Leave every image out, and print the remaining lines below exactly.

-=-=-

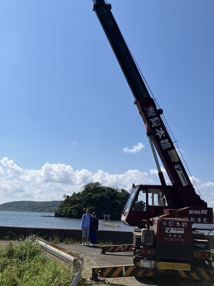 小島神社とクレーン。 〈工事進捗レポート ②〉
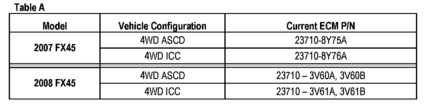 B. Compare the Part Number you wrote down to the numbers in the Current ECM P/N column in Table A above.
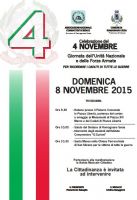 Domenica 8 novembre. Alle 9.30 raduno in piazza libertà e partenza del corteo e omaggio ai monumenti di piazza XVI Marzo e dei Caduti di piazza Libertà. Alle ore 10 saluto del Sindaco e intervento degli studenti dell’Istituto Comprensivo “G. Curioni”. Alle 10.30 messa nella chiesa parrocchiale di S. Silvano. Parteciperà alla manifestazione la Banda Musicale Cittadina. La cittadinanza è invitata.
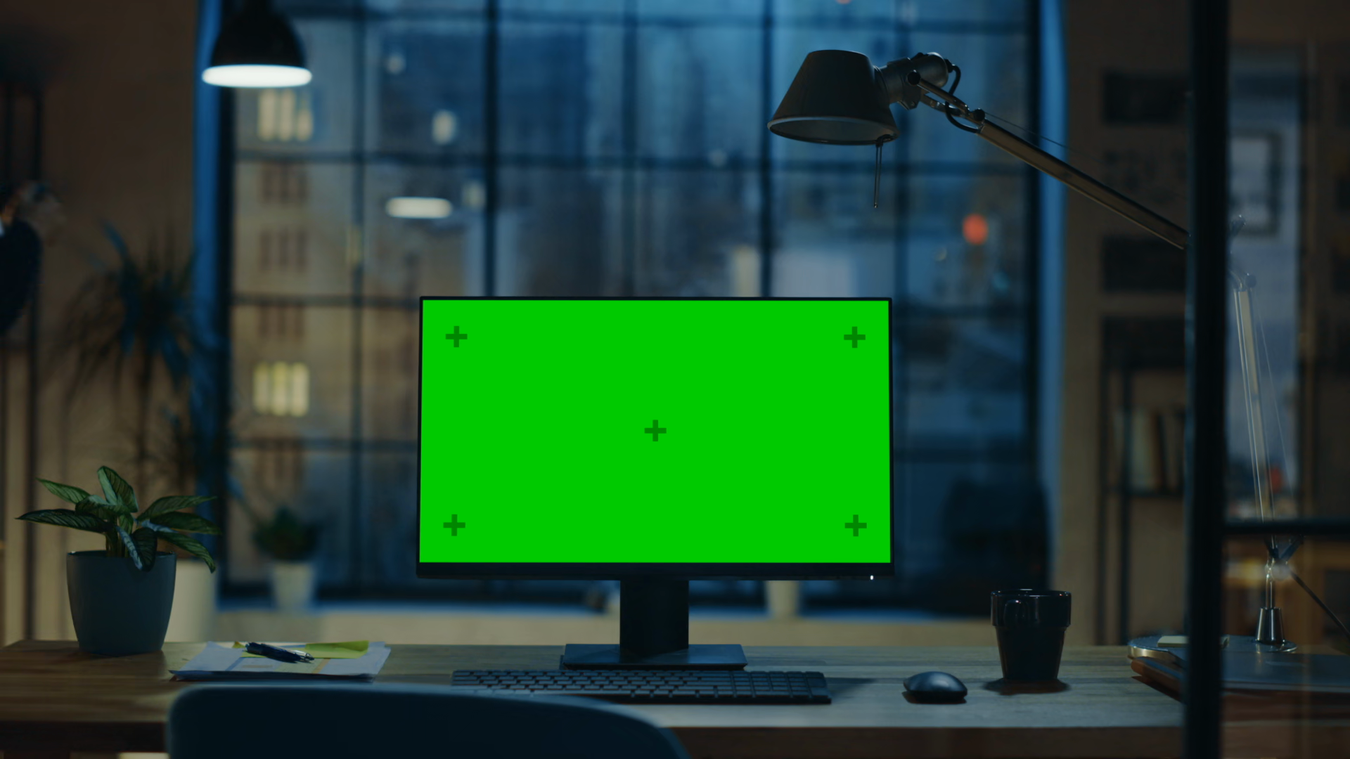 Desktop Computer With Mockup Green Screen Standing On The Wooden Desk In The Modern Creative Office In The Background Designer Drinks From A Cup Looks At The Night City Out Of The WindowÂ
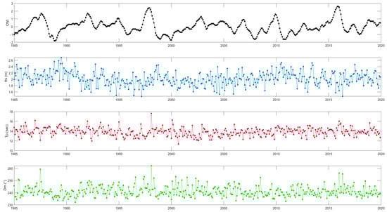 Figure 14 presents the ONI time series, where negative values are associated with the warm phase (El Niño). The El Niño events of the greatest magnitude that occurred between 1984 and 2020 are El Niño 1997–1998 and El Niño 2015–2016. When the ONI reaches its minimum value, historical maxima in period, direction, and significant height are observed. These results show that the wave heights in the El Niño phase increase.

-=-=-

Response to the exercise
 小島神社とクレーン。 〈工事進捗レポート ②〉
 B. Compare the Part Number you wrote down to the numbers in the Current ECM P/N column in Table A above.
 Domenica 8 novembre. Alle 9.30 raduno in piazza libertà e partenza del corteo e omaggio ai monumenti di piazza XVI Marzo e dei Caduti di piazza Libertà. Alle ore 10 saluto del Sindaco e intervento degli studenti dell’Istituto Comprensivo “G. Curioni”. Alle 10.30 messa nella chiesa parrocchiale di S. Silvano. Parteciperà alla manifestazione la Banda Musicale Cittadina. La cittadinanza è invitata.
 Desktop Computer With Mockup Green Screen Standing On The Wooden Desk In The Modern Creative Office In The Background Designer Drinks From A Cup Looks At The Night City Out Of The WindowÂ
 Figure 14 presents the ONI time series, where negative values are associated with the warm phase (El Niño). The El Niño events of the greatest magnitude that occurred between 1984 and 2020 are El Niño 1997–1998 and El Niño 2015–2016. When the ONI reaches its minimum value, historical maxima in period, direction, and significant height are observed. These results show that the wave heights in the El Niño phase increase.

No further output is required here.